If you represent a patient support/assistance program (PSP) then you will be familiar with at least some of the information contained in this website, particularly in this section. The goal of this site is to provide a central resource on prior authorization for all prior authorization stakeholders.
Prior authorization is typically required for specialty drugs (drugs over $10,000 annually per patient). Specialty drugs make up an increasing percentage of expenditures for employers and other sponsors of group benefit plans. Prior authorization is in place to ensure that the medication prescribed is necessary and appropriate to manage over healthcare costs under group benefit plans.

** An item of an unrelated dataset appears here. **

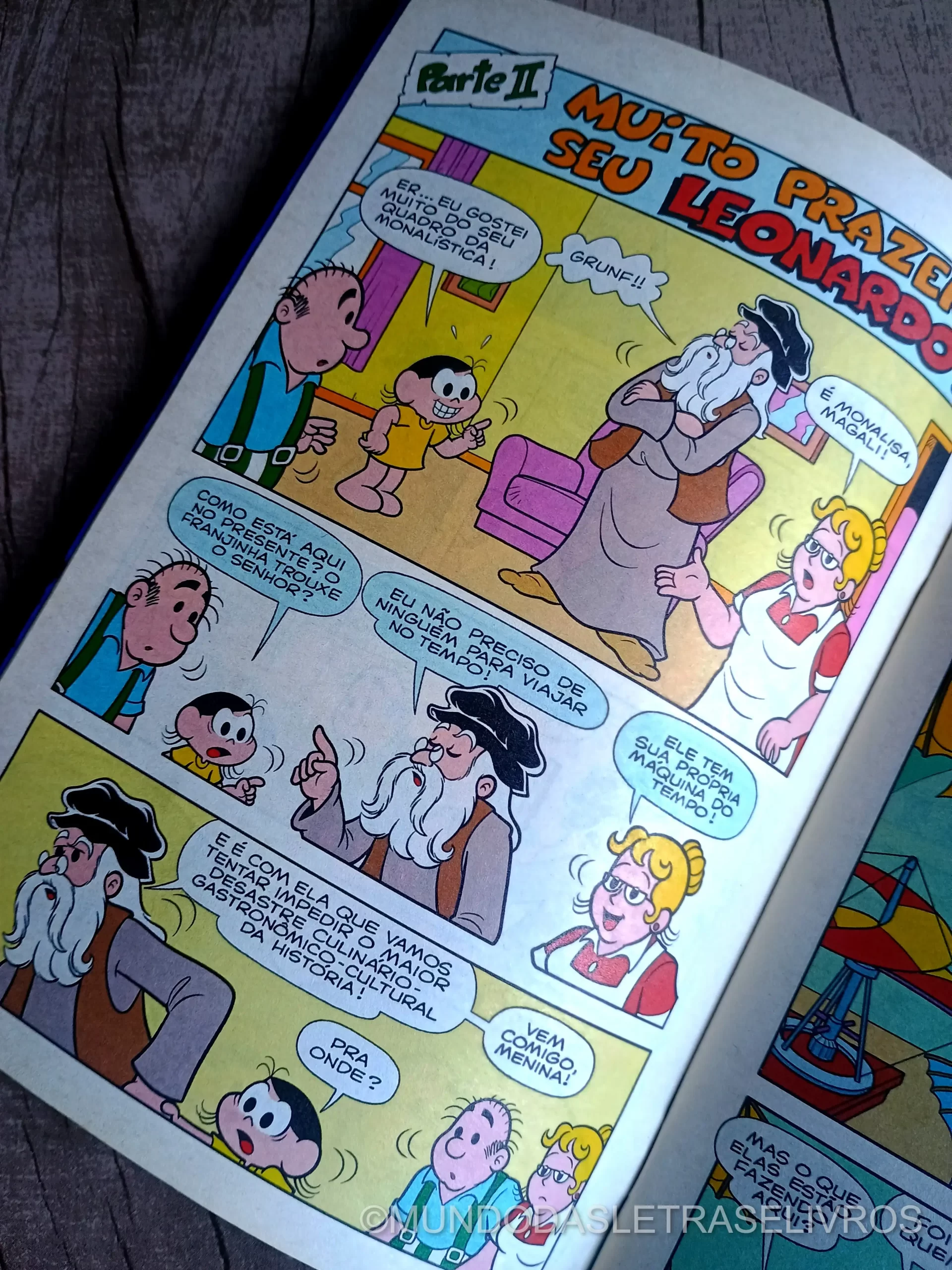 Personagens: Magali, Tia Nena, Pepo, Pepo (Pedro Honório Salguetto) e Leonardo da Vinci.

Most patients you encounter as a patient support/assistance program will have been prescribed a specialty drug requiring prior authorization by their physician. Insurance companies or pharmacy benefit managers (payers) will often have a prior authorization drug list on their website for drugs that require prior authorization. Some may include the required claim forms that can be printed for your use, but others may not.
Insurers designate some drugs under group plans as specialty drugs that require prior authorization, or prior approval, before the drug is dispensed. The list of drugs that require prior authorization can vary between insurance policies and insurance companies.
Claim forms can be found either on the insurer website or by contacting the insurer directly. Claims are submitted via fax or mail, and often take 7-10 days for a decision to be made.
Encourage the patient to ask their insurer why their claim was denied. Appeals may require additional medical documentation or more information, the drug prescribed may not be in the insurer’s list of eligible drugs or the drug may have been prescribed ‘off label’.